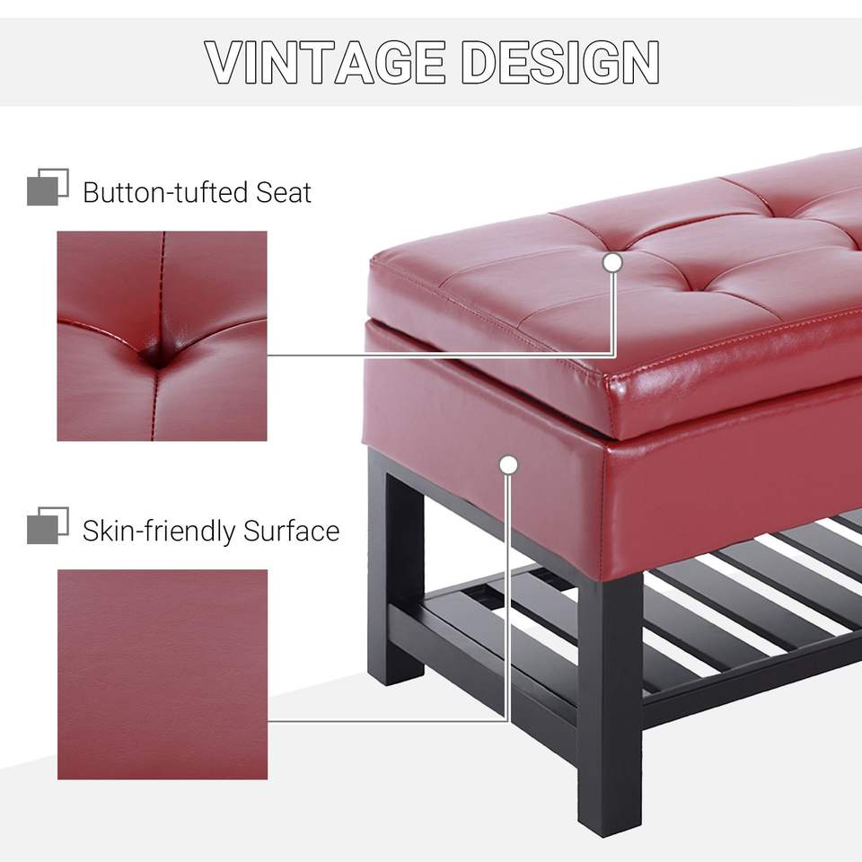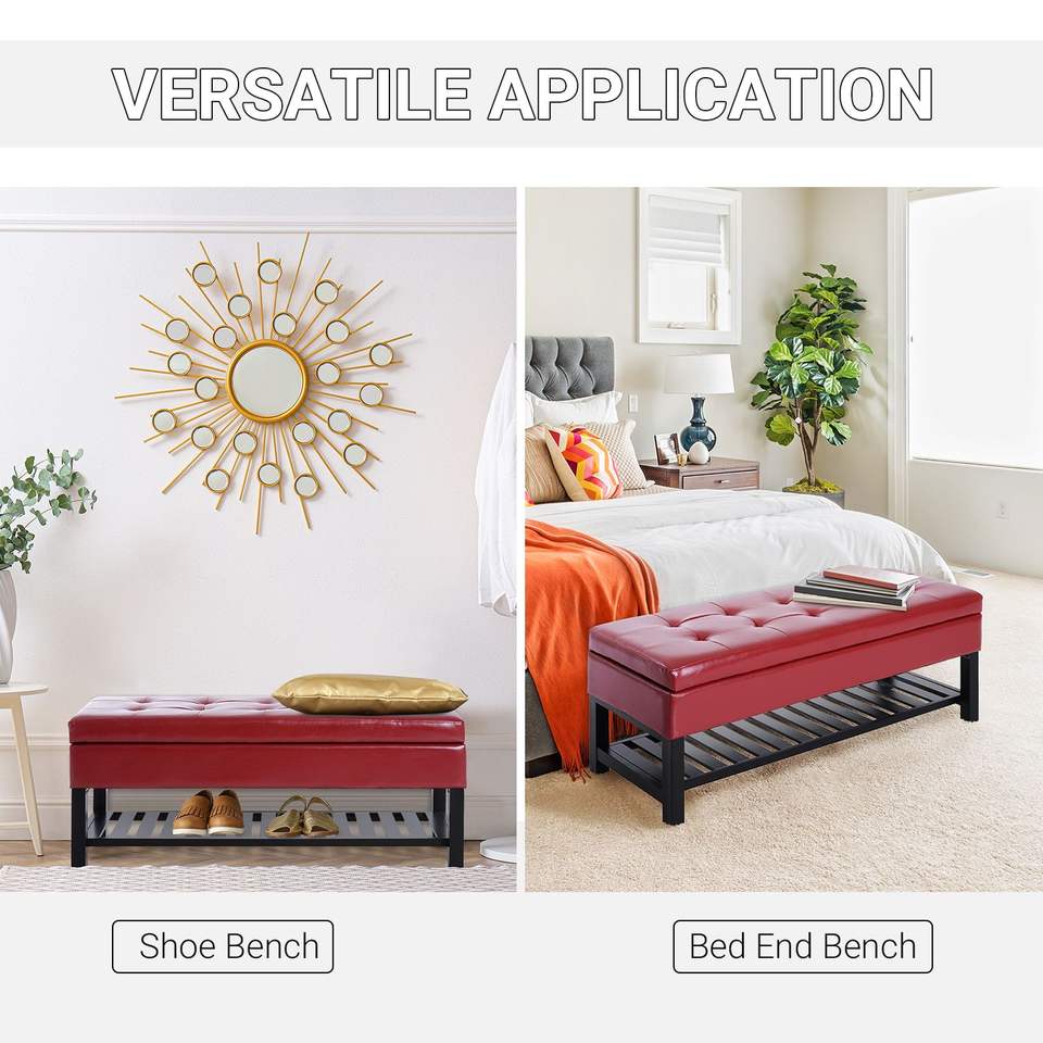 Panca contenitore imbottita in similpelle rosso carminio da 44 pollici con porta scarpe
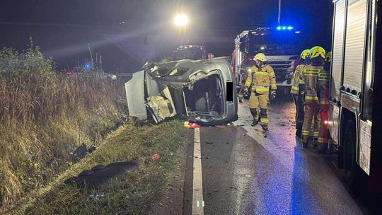 Zdjęcie: Dachowanie samochodu w powiecie brzeskim [zdjęcia]
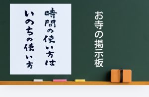 令和8年4月のお寺の掲示板からスタートします。今月の掲示伝道は「時間の使い方は いのちの使い方」という言葉です。
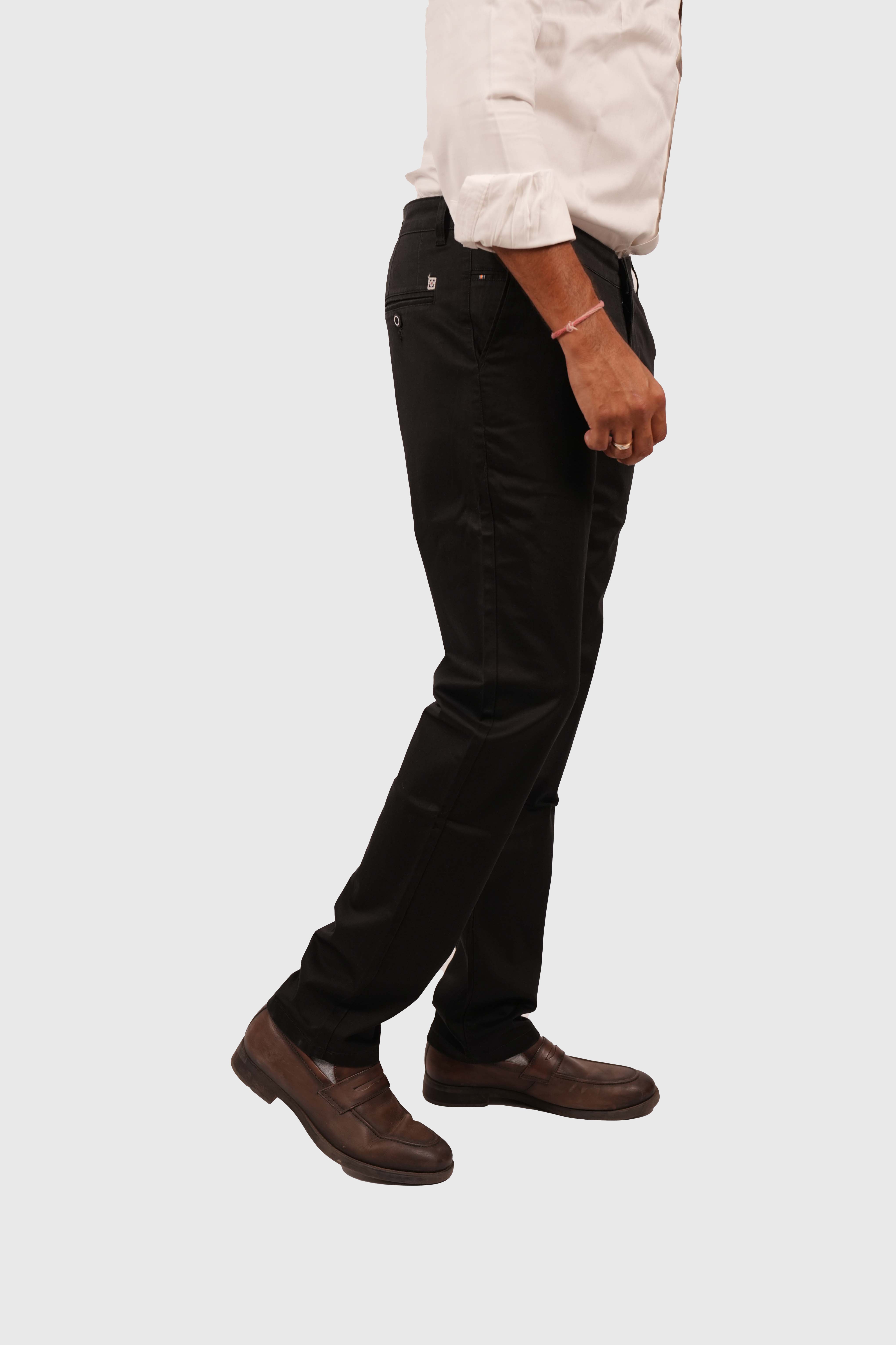 Black cotton regular-fit pants with a tailored silhouette for timeless, everyday smart style.
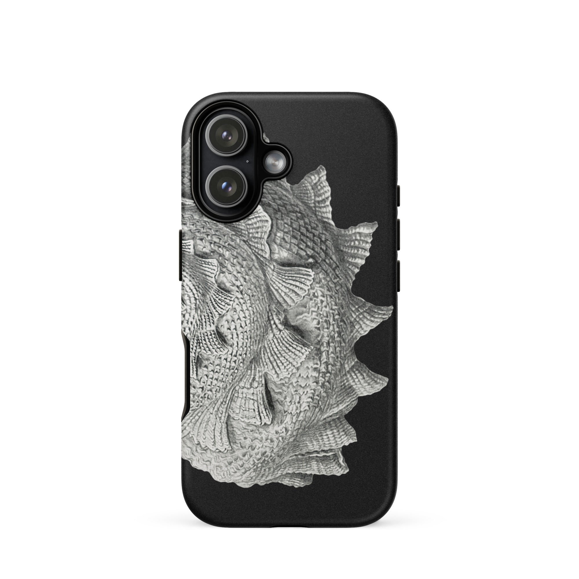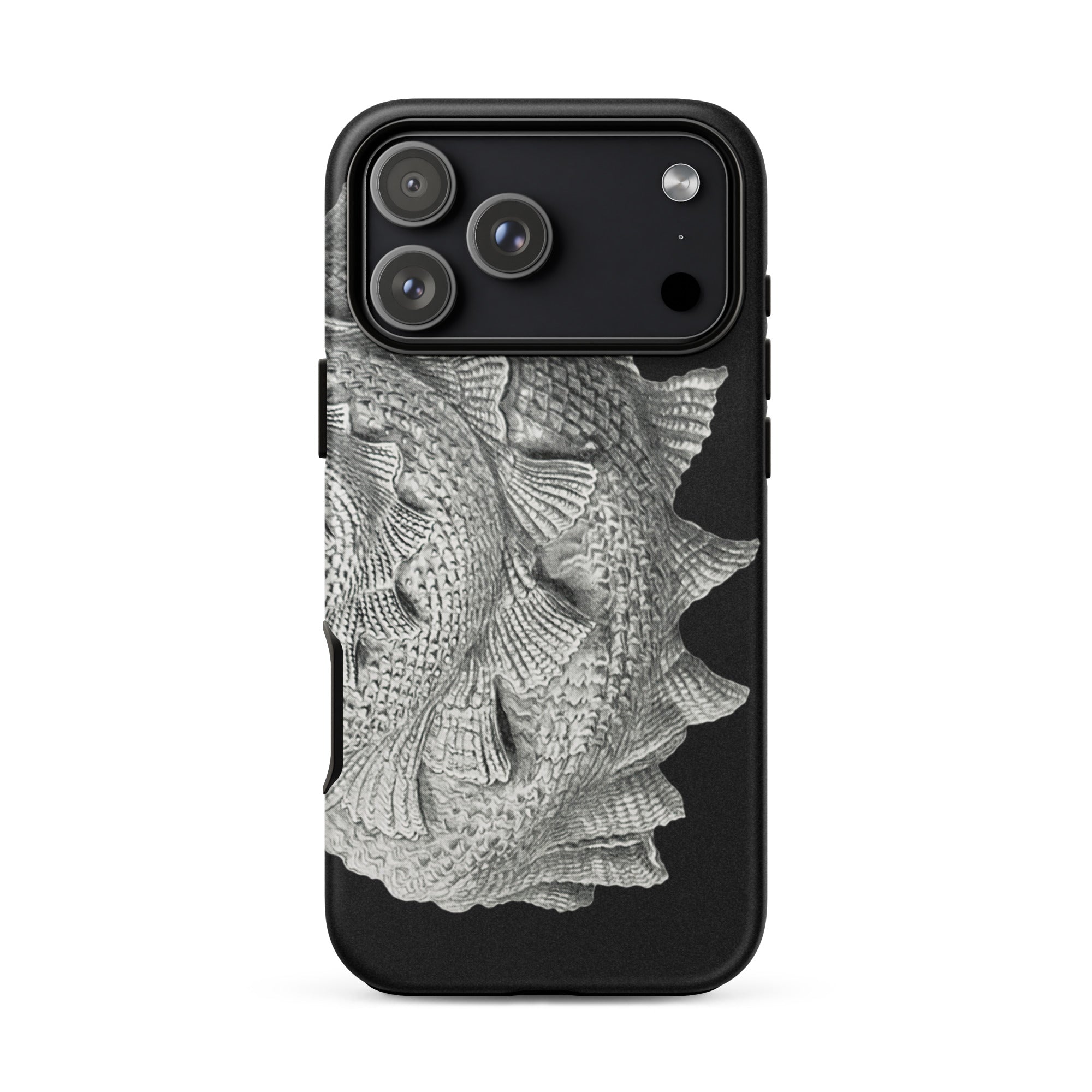 Une relique des profondeurs, une spirale figée dans le temps—cet étui pour iPhone représentant la vie marine d'Ernst Haeckel transforme votre appareil en un artefact de la précision de la nature. Tourbillonnant dans une symétrie hypnotique, la coquille complexe rayonne d'une élégance fossilisée, ses crêtes texturées projetant des ombres contre le noir abyssal. Chaque gravure délicate, chaque fractale organique murmure de la main méticuleuse de l'évolution, capturée dans l'art scientifique de Haeckel.
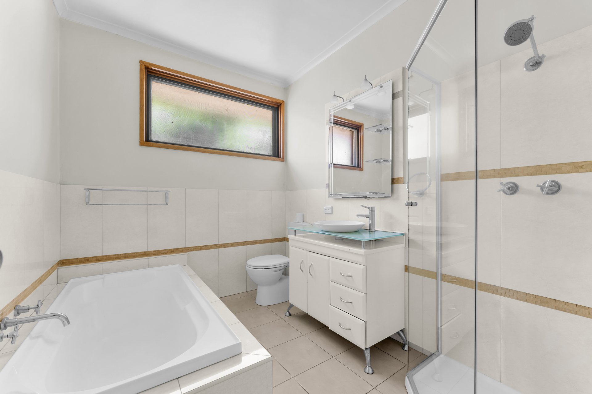 - Main bathroom with separate shower and bath
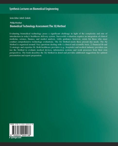 Evaluating biomedical technology poses a significant challenge in light of the complexity and rate of introduction in today's healthcare delivery system. Successful evaluation requires an integration of clinical medicine, science, finance, and market analysis. Little guidance, however, exists for those who must conduct comprehensive technology evaluations. The 3Q Method meets these present day needs. The 3Q Method is organized around 3 key questions dealing with 1) clinical and scientific basis, 2) financial fit and 3) strategic and expertise fit. Both healthcare providers (e.g., hospitals) and medical industry providers can use the Method to evaluate medical devices, information systems and work processes from their own perspectives. The book describes the 3Q Method in detail and provides additional suggestions for optimal presentation and report preparation. Table of Contents: Introduction / Question #1: Is It Real? / Question #2: Can We Win? / Question #3: Is It Worth It? / 3QCaseStudy Example -- Pershing Medical Company / Appendix A: Health Care Technology Assessment Sample Class Syllabus / Appendix B: How do Hospitals and Clinicians Get Paid? / Appendix C: Technology Assessment PowerPoint Report Guidelines / Appendix D: Class Report Scenario Example / Appendix E: Four-Blocker Slide Templates for 3Q Reports
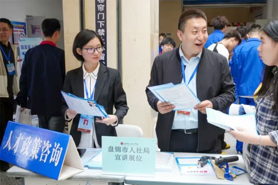 5月20日,由盘锦市人力资源和社会保障局、盘锦职业技术学院联合举办的“盘聚人才 锦绣未来”盘锦市人社局走进盘锦职业技术学院专场招聘会在学校图书馆、博学楼举办。
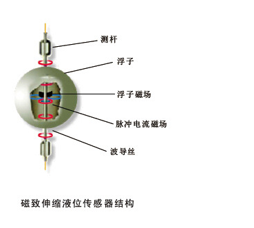 传感器工作时,电路部分将在波导丝上激励出脉冲电流,该电流沿波导丝传播时会在波导丝的周围产生脉冲电磁场。在传感器测杆外配有一浮子,此浮子可沿测杆随液位的变化而上下移动。在浮子内部有一组永久磁环。当脉冲电流磁场与浮子产生的磁环磁场相遇时,浮子周围的磁场发生改变从而使得由磁致伸缩材料做成的波导丝在浮子所在的位置产生一个扭转波脉冲,这个脉冲以固定的速度沿波导丝传回并由检出机构检出。通过测量脉冲电流与扭转波的时间差可以精确地确定浮子所在的位置,即液面的位置。

**Aim of the exercise:**
Reproduce every entry above exactly, and omit the pictures.

**Task solution:**
 Panca contenitore imbottita in similpelle rosso carminio da 44 pollici con porta scarpe
 Zdjęcie: Dachowanie samochodu w powiecie brzeskim [zdjęcia]
 令和8年4月のお寺の掲示板からスタートします。今月の掲示伝道は「時間の使い方は いのちの使い方」という言葉です。
 Black cotton regular-fit pants with a tailored silhouette for timeless, everyday smart style.
 Une relique des profondeurs, une spirale figée dans le temps—cet étui pour iPhone représentant la vie marine d'Ernst Haeckel transforme votre appareil en un artefact de la précision de la nature. Tourbillonnant dans une symétrie hypnotique, la coquille complexe rayonne d'une élégance fossilisée, ses crêtes texturées projetant des ombres contre le noir abyssal. Chaque gravure délicate, chaque fractale organique murmure de la main méticuleuse de l'évolution, capturée dans l'art scientifique de Haeckel.
 - Main bathroom with separate shower and bath
 Evaluating biomedical technology poses a significant challenge in light of the complexity and rate of introduction in today's healthcare delivery system. Successful evaluation requires an integration of clinical medicine, science, finance, and market analysis. Little guidance, however, exists for those who must conduct comprehensive technology evaluations. The 3Q Method meets these present day needs. The 3Q Method is organized around 3 key questions dealing with 1) clinical and scientific basis, 2) financial fit and 3) strategic and expertise fit. Both healthcare providers (e.g., hospitals) and medical industry providers can use the Method to evaluate medical devices, information systems and work processes from their own perspectives. The book describes the 3Q Method in detail and provides additional suggestions for optimal presentation and report preparation. Table of Contents: Introduction / Question #1: Is It Real? / Question #2: Can We Win? / Question #3: Is It Worth It? / 3QCaseStudy Example -- Pershing Medical Company / Appendix A: Health Care Technology Assessment Sample Class Syllabus / Appendix B: How do Hospitals and Clinicians Get Paid? / Appendix C: Technology Assessment PowerPoint Report Guidelines / Appendix D: Class Report Scenario Example / Appendix E: Four-Blocker Slide Templates for 3Q Reports
 5月20日,由盘锦市人力资源和社会保障局、盘锦职业技术学院联合举办的“盘聚人才 锦绣未来”盘锦市人社局走进盘锦职业技术学院专场招聘会在学校图书馆、博学楼举办。
 传感器工作时,电路部分将在波导丝上激励出脉冲电流,该电流沿波导丝传播时会在波导丝的周围产生脉冲电磁场。在传感器测杆外配有一浮子,此浮子可沿测杆随液位的变化而上下移动。在浮子内部有一组永久磁环。当脉冲电流磁场与浮子产生的磁环磁场相遇时,浮子周围的磁场发生改变从而使得由磁致伸缩材料做成的波导丝在浮子所在的位置产生一个扭转波脉冲,这个脉冲以固定的速度沿波导丝传回并由检出机构检出。通过测量脉冲电流与扭转波的时间差可以精确地确定浮子所在的位置,即液面的位置。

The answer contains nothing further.